U.S. Cyber Command did it? Attack on U.S. oil pipeline hacker’s server shut down, ransom money disappears

The Dark Side, the hacking group that attacked Colonial Pipeline, the largest fuel pipeline operator in the United States, has ceased operations and lost control of some of its ransom demands after its servers were shut down today by unidentified individuals. The hacker group’s servers were shut down today by unknown parties, losing control of some of the ransom money.

Recorded Future, a U.S. cybersecurity consulting firm, said Darkside had admitted in a Web posting that it was unable to connect to specific servers for blogs and pay-per-use.

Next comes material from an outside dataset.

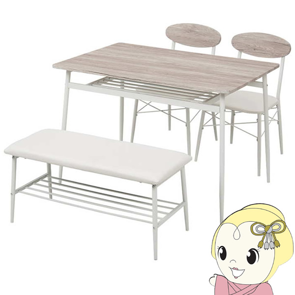 おしゃれカフェのようなダイニングセット。テーブルをスッキリ使える棚付き。幅105cmのコンパクトタイプ。 ■サイズ テーブル:(約)幅105×奥行70×高さ70cm チェアー:(約)幅45×奥行50×高さ76×座面高42cm ベンチ:(約)幅86×奥行38×高さ42cm ■素材 フレーム:スチール、天板:合成樹脂化粧繊維板、張地:合成皮革、クッション材:ウレタンフォーム ■内寸及び補足説明 組立式 ※写真はメーカー様のカタログ等から掲載させて頂いております。 実物の商品と写真の色が若干写真写り等により異なる場合がありますのでご注意くださいませ。 万が一の際でございましても返品はお受け致しかねます。 ※写真に写っている小物などは付属しておりません。 ※お客様組立て品につきましては、組み立て後に不良の連絡をされても対応ができません。 組み立て前にパーツに不良・傷等がないか、必ずご確認下さいます様よろしくお願い申し上げます。 ※記載は商品仕様の一部です。仕様説明不足等の理由での返品はできません。特に適合等は必ずご確認ください。

“Recorded Future threat intelligence analyst Dmitry Smilyanets said he found that Darkside ransomware operator Darksupp wrote on its website, “A few hours ago, we were unable to connect to the public part of our infrastructure. That is, blogs, payment servers, DOS servers.”

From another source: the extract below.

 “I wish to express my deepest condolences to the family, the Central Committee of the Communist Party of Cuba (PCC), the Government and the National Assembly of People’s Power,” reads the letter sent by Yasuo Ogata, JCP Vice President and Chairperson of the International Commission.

AFP reports that connecting through the TOR browser on the Dark Web displays a notice that the Dark Side URL can no longer be found.

According to Recorded Future, Darksupp, who operates the Dark Side, also said that the cryptocurrency ransom money had been removed from the servers, leaving the organization devastated. After holding the victim’s IT system hostage, Dark Side claimed that it would provide the tools to unlock it upon receipt of the ransom.

There are conflicting opinions as to who actually took down the Dark Side’s computers. Some suspect that the U.S. Army Cyber Command acted, as the 780th Military Intelligence Brigade’s Twitter account retweeted the report shortly after it was released by Recorded Future. The report.

Asked at a congressional hearing today whether Cyber Command has taken action against the dark side, Cyber Command Commander Paul Nakasone said he would not discuss the unit’s actions.